Kalp hala atıyordu. Bu oldukça mantıksız olsa da, bu kalp bir Ölümsüz'e ait olduğu için kafa yormasına gerek yoktu. Kalbi, Savaş'ın kendisine verdiği yüzüğe koyduğunda, bir anda ortadan kaybolduğunu hissetti. Savaş'ın ona dediğine göre yüzüğe koyacağı tüm Ölümsüz kalpleri Hükümdarının yanına gidecekti. Kalbinin bu evrende olmaması iele birlikte Jüpiter'in vücudu bir anda yok olmuştu bile! Ölümsüzler ise dehşet içinde bu manzaraya bakıyorlardı. Bu yarı tanrı, Ölümsüzlerden birisini öldürmeyi 10 saniye de başarmıştı! Üstelik alışılmadık bir yöntemle!
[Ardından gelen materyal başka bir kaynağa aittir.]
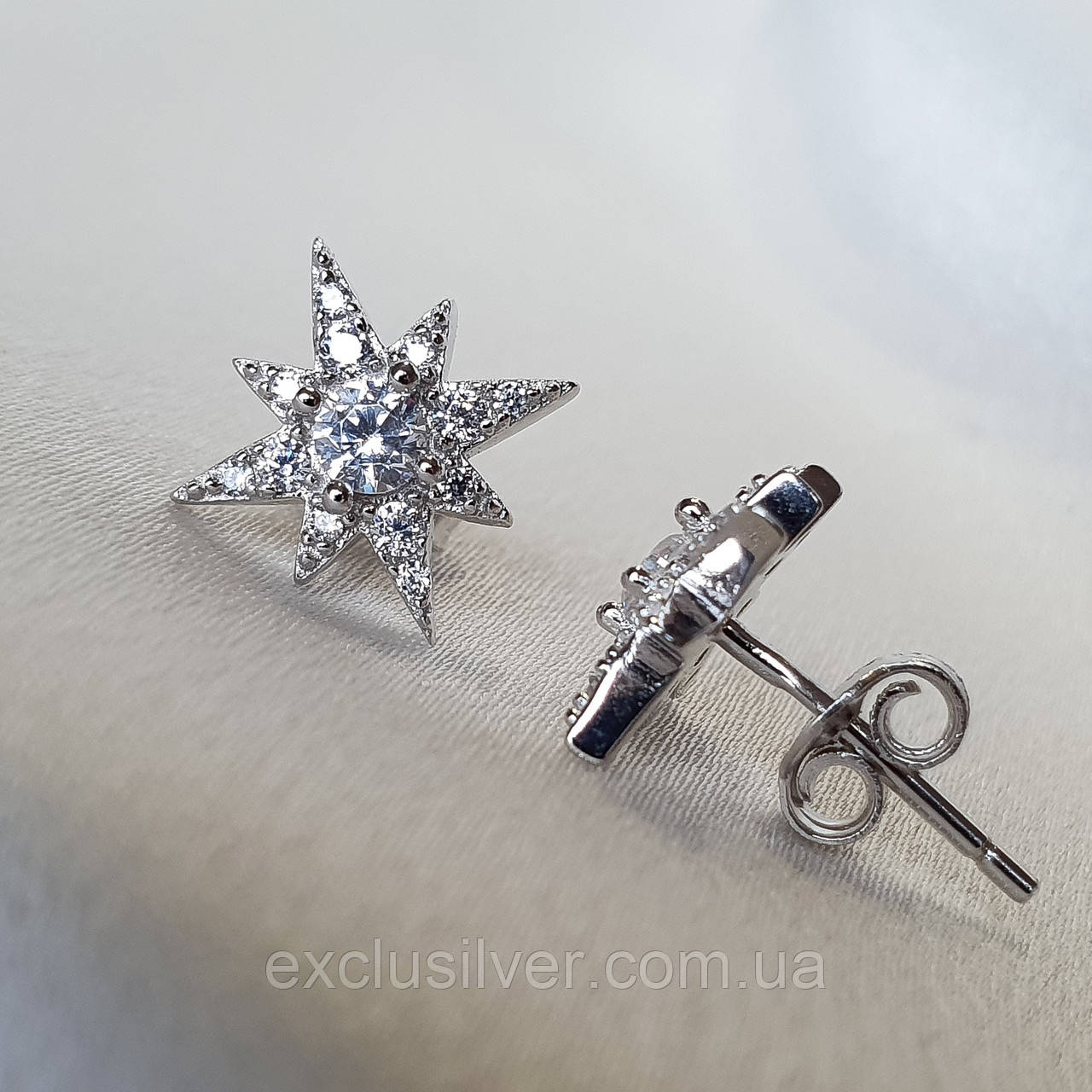 Сережки - пусети (гвоздики) срібні із цирконієм діамантової огранки Зірки

Artık çok daha ciddi olmaları gerektiğini biliyorlardı.

''Sizin neden tanrı olarak çağırıldığınıza şaşırdım. Eskiden sizden korkardım. Ama şimdi sizin benden korkmanız gerekiyor!''

----------------------------------------------------------------

Nyx yerde hızlı hızlı nefes alıyordu. Akira onun mührünü kırmak için alnına dokunduğunda, içini bir serinlik kaplamıştı.
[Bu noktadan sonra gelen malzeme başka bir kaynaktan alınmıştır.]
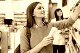 A young woman examines the ingredients on a medicine box while shopping in a modern pharmacy with a pharmacist working in the background.
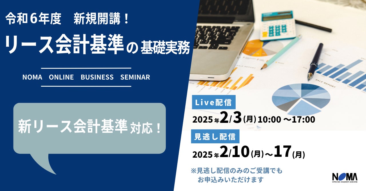 一般社団法人日本経営協会(本部事務局:東京都渋谷区、会長:高原 豪久)は、経営実務講座「新リース会計基準対応!リース会計基準の基礎実務」を新規開催いたします。
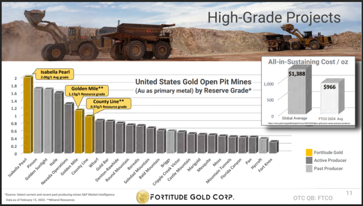 Moreover, Fortitude Gold enjoys another key competitive advantage: namely, the exceptional grade of Isabella Pearl Mine.
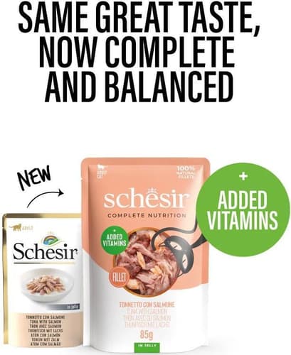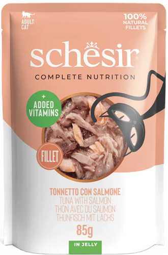 Hrana umeda pentru pisici Schesir plic cu ton si somon in jeleu 85 g este o hrana completa umeda pentru pisici adulte, cea mai buna recomandare pentru pisici, in conformitate cu dieta lor naturala si nevoile de hidratare ale felinelor; Noua reteta contine aditional vitamine si minerale.
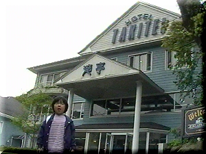 ホテルの前で
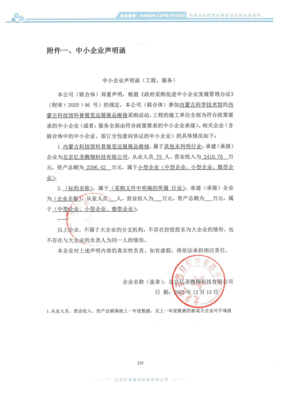 发布时间:2025-12-16 14:47 文章来源:内蒙古科技馆合作交流部一、项目编号:NMGGN-CZFW-251203
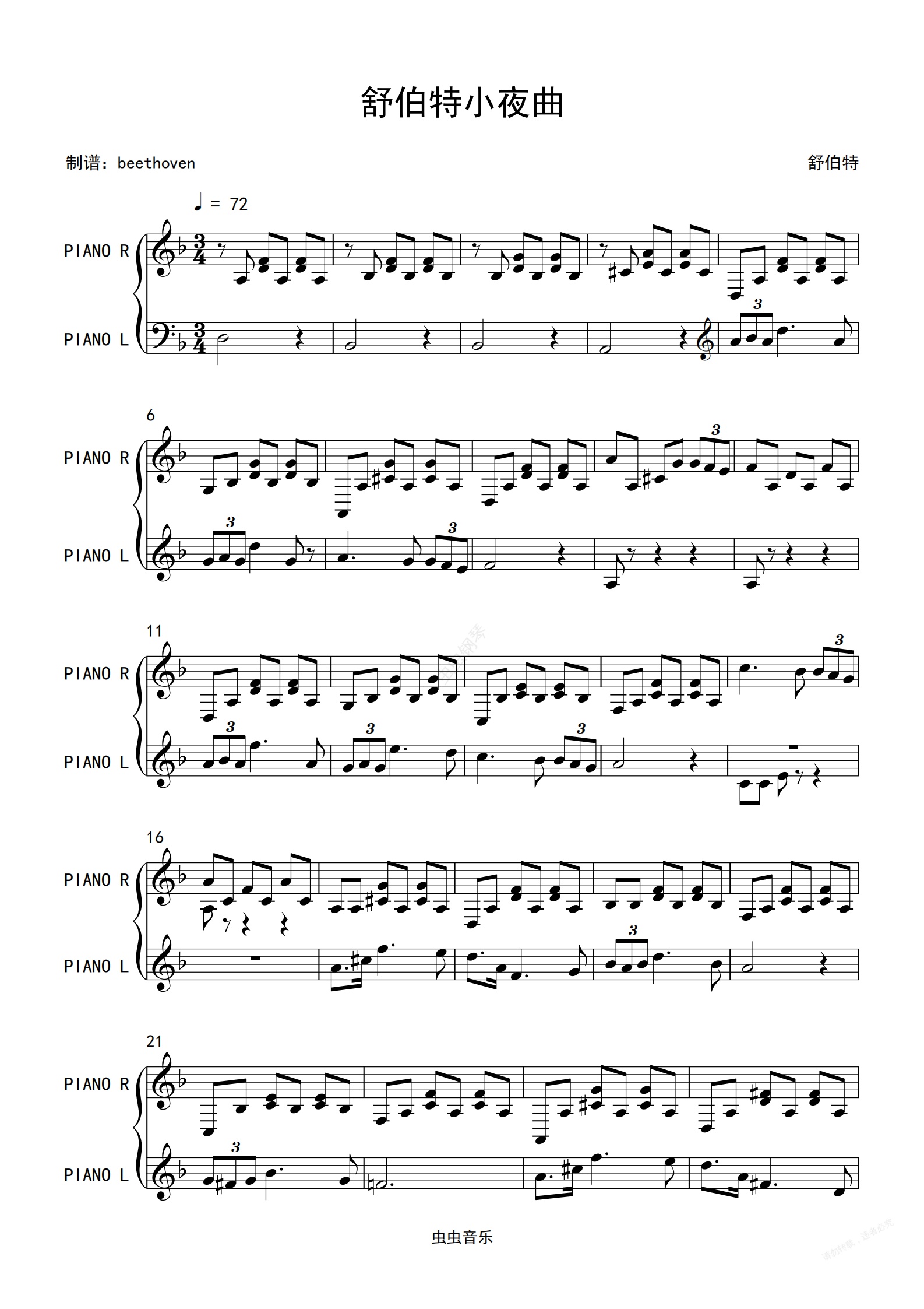 钢琴谱:舒伯特小夜曲《小夜曲》

Akira, Nyx'e zarar vermemek için oldukça dikkatli davranıyordu. Aslında bu mührü çok daha hızlı kırabilirdi. Fakat bunu yaptığında Nyx'in çıldırma olasılığı oldukça yüksekti. Hemera'nın annesini sevdiğini bildiğinden dolayı, yavaş ve güvenli bir şekilde yapmaya karar vermişti. Akira hala mührü zayıflatırken, odada atan bir kalbin sesini duyduğunda gülümsedi. Grey gerçekten de hızlı çıkmıştı. Ölümsüz'lerin kalpleri onun için ekstra malzeme olacaktı. Yararlı olacakları kesindi. Fakat tek tek işe yaramazlardı. gövdesi dışında her vücut parçasına 4 tane Ölümsüz kalbi yerleştirecek, gövdesine ise 6 tane kalp yerleştirecekti. Bu sayede vücudu düşündüğünden oldukça daha güçlü olacaktı. Her malzeme onun için faydalıydı. Şuan Nyx'in mührünü kırmaya çalıştığından dolayı zaman kaybetmiyordu. Dört kalp gelene kadar kesinlikle bu mührü kırabilirdi.

''Kızını özlemişsin.''

Akira mührü kırarken, Nyx'in dikkatini dağıtmak ve onu rahatlatmak için konu bulmuştu. Eğer Nyx'i konuşturmazsa, kendisi sıkıntıdan patlayacaktı.